Commissioner Bratton has the same idea. The courts are just supposed to take
the cops' word for it. If the police don't like your attitude, if you object
to something you see them do, they will be able to charge you with a felony.
And whom will the judge believe - a uniformed cop with his shiny badge, or
you?
This is part of a bigger problem, one that is not confined to police
brutality and overreach. It is one of over-criminalization,
over-legislation, and over-regulation. Harvard Law School professor Harvey
Silverglate, in his book Three Felonies a Day: How the Feds Target the
Innocent, argues that we are so over-criminalized that the average American,
on the average day, going about his or her normal business, commits three
felonies. Every day. The bottom line is that if the cops really want to get
you, they can get you.
Meanwhile, in just the five years from 2008 until 2013, according to the
Congressional Research Service, Congress created 439 new criminal offenses.

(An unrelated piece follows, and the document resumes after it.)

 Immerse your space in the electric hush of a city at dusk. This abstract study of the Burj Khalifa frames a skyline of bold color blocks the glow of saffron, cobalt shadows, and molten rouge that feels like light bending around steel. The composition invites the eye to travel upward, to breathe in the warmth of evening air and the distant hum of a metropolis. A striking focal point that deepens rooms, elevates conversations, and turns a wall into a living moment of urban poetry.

That makes for a grand total of 4,889 federal crimes. And that's in addition
to the growing number of state and local crimes for which Americans can be
prosecuted.
To make matters worse, many of these new federal laws lack any mens rea, or
"guilty mind," requirement. That means you can be prosecuted even without
having any criminal intent. Didn't mean to break the law? Tough luck.

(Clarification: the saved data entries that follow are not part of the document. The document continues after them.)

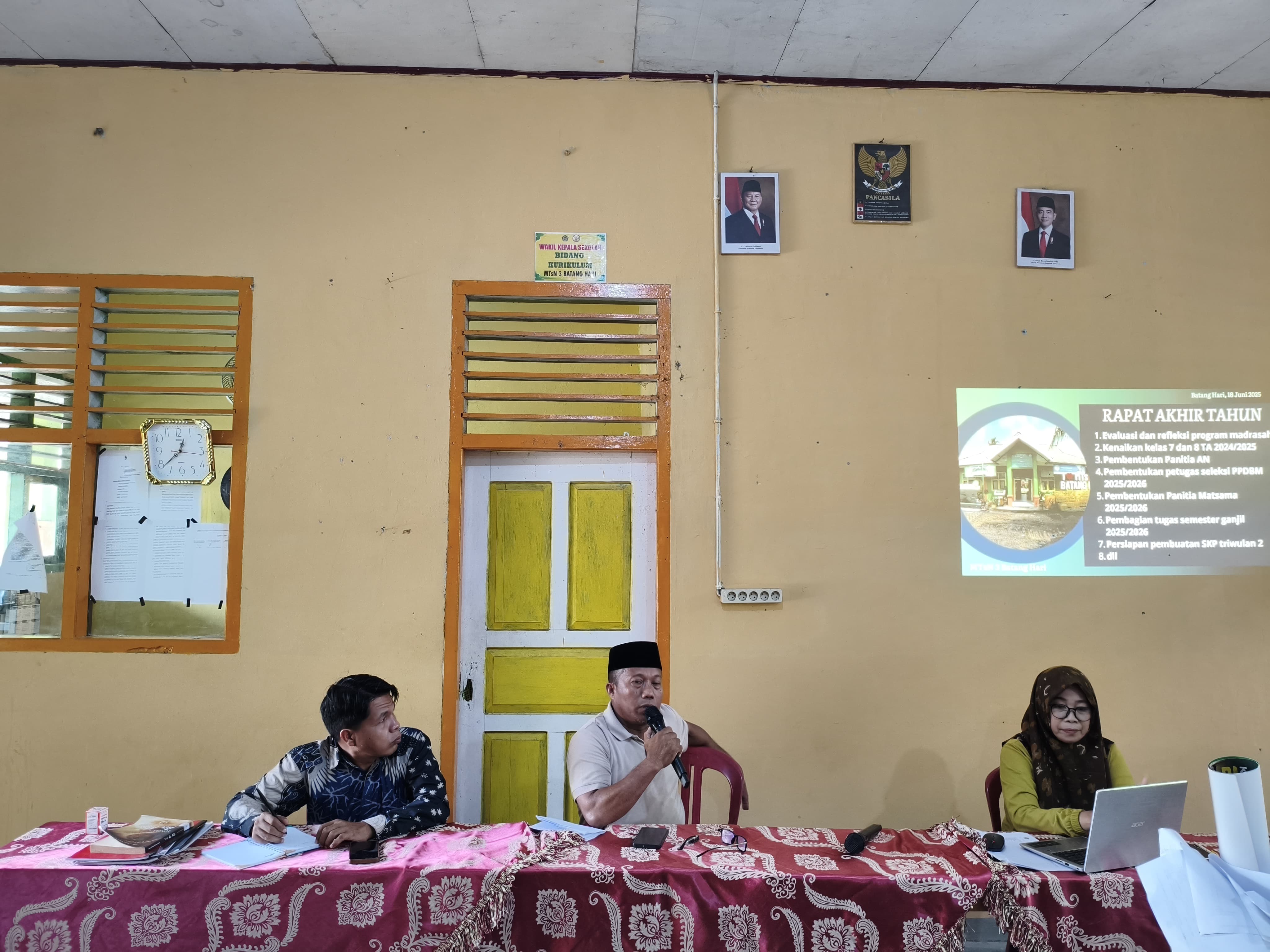 Batang Hari (MTsN 3) – MTs Negeri 3 Batang Hari menggelar agenda rutin rapat bulanan. Rapat rutin yang dilaksanakan setiap bulannya dipimpin langsung oleh Kepala MTsN 3 Batang Hari, Muhammad Zaki, S.Pd. didimpingi oleh Wakakur, Wikarti, S.Pd. dan Kaur TU, Endar Muda Harahap, S.Pd.I. sebagai notulen serta diikuti oleh tenaga pendidik dan kependidikan di ruang guru. Rabu, (18/6/2025).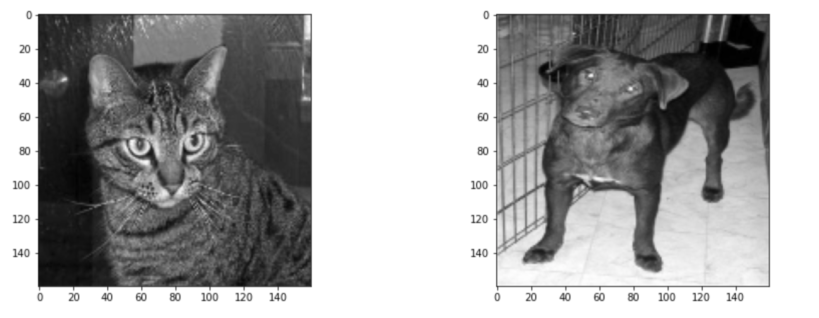 그리고 불러온 이미지를 한 장씩 불러와서 고양이 사진과 강아지 사진을 비교해보겠습니다.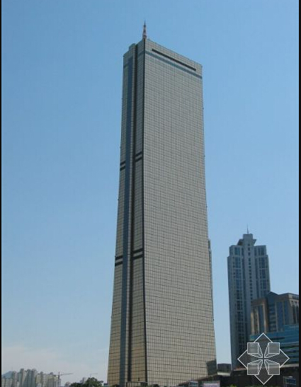 『大韓生命63大廈』是韓國最高的建筑物,『63大廈』顧名思義,就是它有63層樓,地面上60層、地下3層,共63層。 大樓的外觀,全部都是用雙重反射的玻璃,所以在晴空的艷陽下,大樓因?yàn)殛柟獾恼凵湫纬山鹕拇髲B,燦爛奪目,成為漢城的地標(biāo)。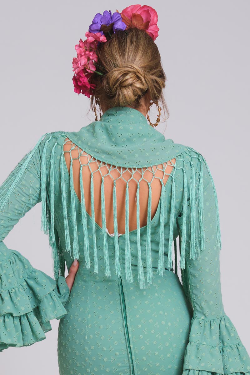 Flecado al tono con enrejado de 5 cm y fleco de 20 cm de largo.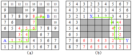 - 现要连接A→B,通过李氏算法的单源波扩散可以找出一条无任何阻挡的最短路径(阴影部分是布线障碍区),可见从A到B的最短路径为10步,共有有两种走法。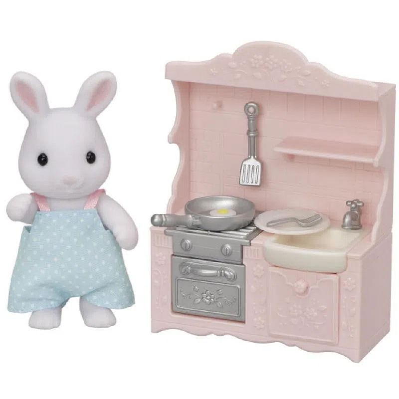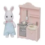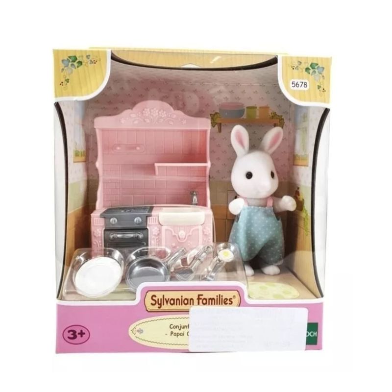 Inclui uma cozinha compacta rosa pastel, completa com pia e forno. Este conjunto também vem com pratos e outros acessórios de cozinha e pode ser usado sozinho. Apresentando o Kit Papai Coelho Neve.

Americans can't rely on friendly judges or on the occasional politician who
realizes that our civil liberties are going the way of the dodo bird. It's
up to us to ride our elected officials to force them to act. And if they
don't, we should take a lead from Chaumtoli Huq, Denise Stewart, and Jahmil
El-Cuffee. We should sue.

John Kiriakou is an associate fellow with the Institute for Policy Studies.
He is a former CIA counterterrorism officer and a former senior investigator
with the Senate Foreign Relations Committee.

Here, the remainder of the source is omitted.